Incubus and Succubus

Incubus hovering over the body of a sleeping woman, c. 1865. Courtesy Fortean Picture Library.

Incubus and Succubus

(religion, spiritualism, and occult)

Female (succubus) and male (incubus) demon lovers that, in the Middle Ages, were believed to visit innocent people in the night to seduce them. Those so attacked would wake to feel a heavy weight on their chest, which would turn out to be the incubus or succubus demon. It was believed that malformed children, and even twins, were the result of a union between a woman and an incubus.

The Latin for "nightmare" is incubo, the literal meaning of which is "to lie upon." (From this we get the modern English word "incubator.") The incubus and succubus were related to nightmares; in fact, a visit from one of the creatures was regarded as a nightmare. In the Middle Ages the concept was widely discussed. The initial idea of these two demons may have first arisen from the myths of ancient gods and goddesses seducing humans, but it was the sexually titillated inquisitors at the witch trials during the persecutions that made it seem as if such creatures were almost commonplace.
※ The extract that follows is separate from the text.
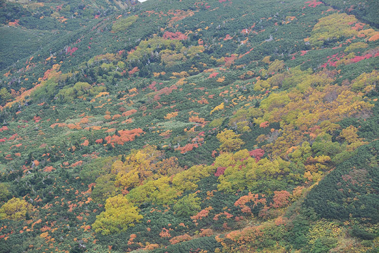 加賀禅定道に入ると、ほとんど人がいない。清浄ヶ原の斜面の紅葉が美しい。登山道沿いにはコケモモが熟していたので、少し採集して、帰ってからジャムにした。百四丈の滝は、最初、ガスで全く見えなかったが、しばらく待っているとガスが動いて、姿を現した。

Many times the demons would assume human shape. It was thought that the same demon could appear as a male or a female. In that way, it could impregnate a woman— first it would appear as a succubus and take semen from a man, and then it would reappear as an incubus and deposit it in a female. Thomas Aquinas said, in his Summa Theologiae (1266-73), "If sometimes children are born from intercourse with demons, this is not because of the semen emitted by them, or from the bodies they have assumed, but through the semen taken from some man for this purpose, seeing that the same demon who acts as a succubus for a man becomes an incubus for a woman." However, there were cases that seemed to throw some doubt on the whole theory of demon visitation. A medieval nun said that she had been attacked by her bishop, Bishop Silvanus. The bishop, however, pointed out that it was obviously an incubus in his form who had tried to seduce her. The convent accepted the bishop's explanation.
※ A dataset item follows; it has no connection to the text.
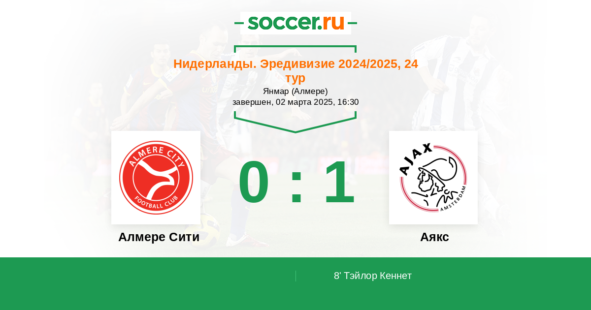 Протокол матча Алмере Сити против Аякс

Nuns seemed especially susceptible to incubi attack. Ludovico Maria Sinistrari, in Daemonialitate et Incubis et Succubis (1754), told of a nun who would regularly disappear into her cell after dinner. Another nun heard low voices and the sounds of lovemaking through the thin partition between their rooms. Boring a hole in the wall, she saw the nun making passionate love with a "comely youth." After all the other nuns had been allowed to witness the scene, the miscreant was approached. Under threat of torture, she admitted that she had "long been indecently intimate with an incubus." In most of the earlier accounts of copulation between incubi and women, or succubi and men, there was mention of the intense pleasure brought about by this union. But later, toward the end of the fifteenth century, the authorities seemed to realize that attacks should not be made to sound attractive and, after torture, descriptions began to include talk the incubi possessing large, rough penises that emitted ice-cold semen.
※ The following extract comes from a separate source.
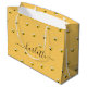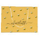 Decorated with happy, smiling yellow and black bumble bees. A yellow background. Personalise and add a name. The name is written with a large modern hand lettered style script with swashes. To keep the swashes only delete the sample name, leave the spaces or emoji's in front and after the name.

The Malleus Maleficarum (1486) made three classifications: (i) those who submit voluntarily (to incubi) as witches; (ii) those brought against their will by witches to sleep with incubi; (iii) those assaulted against their will. As the witch trials gained in fervor, the inquisitors came to expect that a witch would have had relations with an incubus, and each witch was tortured until she confessed to that misdeed. Since women were regarded as far more licentious than men, it was supposed that incubi outnumbered succubi by nine to one.

St. Anthony was said to have been sorely tempted by female demons. According to St. Athanasius's Life of Anthony (c. 361 CE), "The devil, unhappy wight, one night even took upon him the shape of a woman and imitated all her acts simply to beguile Anthony." St. Hippolytus was once visited by a nude woman (c. 230 CE), but when he threw his chasuble over her to hide her nakedness, she turned back into what she really was—a corpse that had been animated.

In the Salem Witch Trials there was suggestion of succubi when Bridget Bishop was charged. She had been a tavern keeper who had two ordinaries, one at Salem Village and the other in Salem Town. The main charge against her seems to have been that she wore a "red paragon bodice" and had a great store of lace. She was also said to retain her youthful appearance despite her advancing years. Various decent, upright, married men of the Puritan community testified that her "shape" had visited them and plagued them in their sleep! On June 10, 1692, she was hung on Gallows Hill.